Noblebrah, again I must stress that Somaliland does indeed get foreign aid. I disagree with the statement provided in your last quote about "ineligibility" for foreign aid. Like I said, Somaliland is not a recognized and independent country so it is not eligible for loans and other types of aid (which is a great thing for Somaliland considering what these types of "aid" has done to Africa), but indeed Somaliland does get foreign aid through humanitarian, civic-building, society-supporting aid. Even the presidential election took place largely with foreign humanitarian aid and I remember the electoral commission once saying it is impossible it would take place without more foreign monetary support.
So Somaliland is not eligible for loans, grants, involvement from world banks, etc but that isn't to say Somaliland doesn't get foreign aid. Somaliland's
yearly budget is almost always in the tens of millions per year. That is an exceedingly small amount for a nation while at the same time it gets more than its yearly budget in humanitarian aid per year. In fact, from that you can infer Somaliland is one of the most aid dependent aid "countries" on earth.
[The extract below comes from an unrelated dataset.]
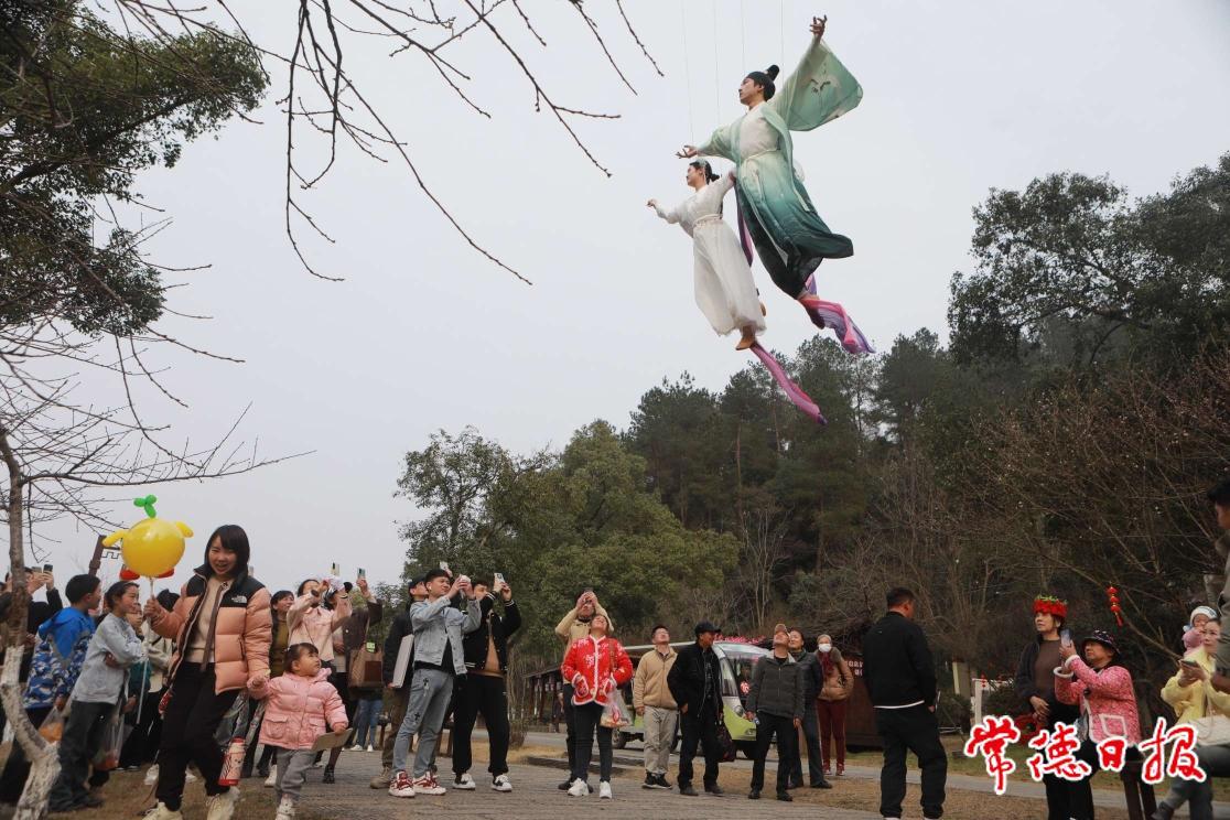 3月8日,常德桃花源景区一场梦回千年的仙境之旅正式开启,游客们在景区内看花神争霸、观蟠桃盛会、听国乐戏曲。当日,桃花源核心景区接待游客破万人,其中,国内外旅游团队近5000人。《桃花源记》山水实景演出3场全满,接待游客1500人。

During that same year, only the US gave 160 million in Aid to Somalia. Add Britain, France, Netherlands, Italy, Norway, Japan, Canada, Australia, etc and then estimate the cut Somaliland would get as a major region counted within Somalia and you can see that there would have been more "aid" given to Somaliland than its budget could ever reach, over a 100% percentile in fact.
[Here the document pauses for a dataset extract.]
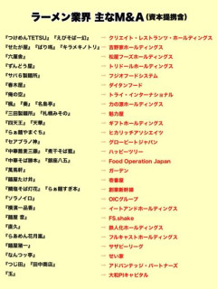 最近M&Aなどがあったラーメン業界をまとめるね

So to conclude, Somaliland is not eligible for loans/grants/etc which is the only aid the Daily Mail and that article took into consideration (so-called "dead aid" and the one most anti-aid people concentrate on since they can't legitimately attack humanitarian aid) but Somaliland as part of Somalia, the most failed state, has seen its own tremendous cut of humanitarian aid. Of course they all come under foreign aid which is why then you cannot say Somaliland is not dependent on foreign aid.
As for the accountability part, I tend to explain it as a shared history fighting against Barre and an over-zealous union of shared objectives (recognition) that keeps Somaliland accountable to its own people; after all the one issue where they try so hard to distinguish themselves from Somalia is the free and democratic card. Why would any Somaliland official want to go down the road where that is a false statement?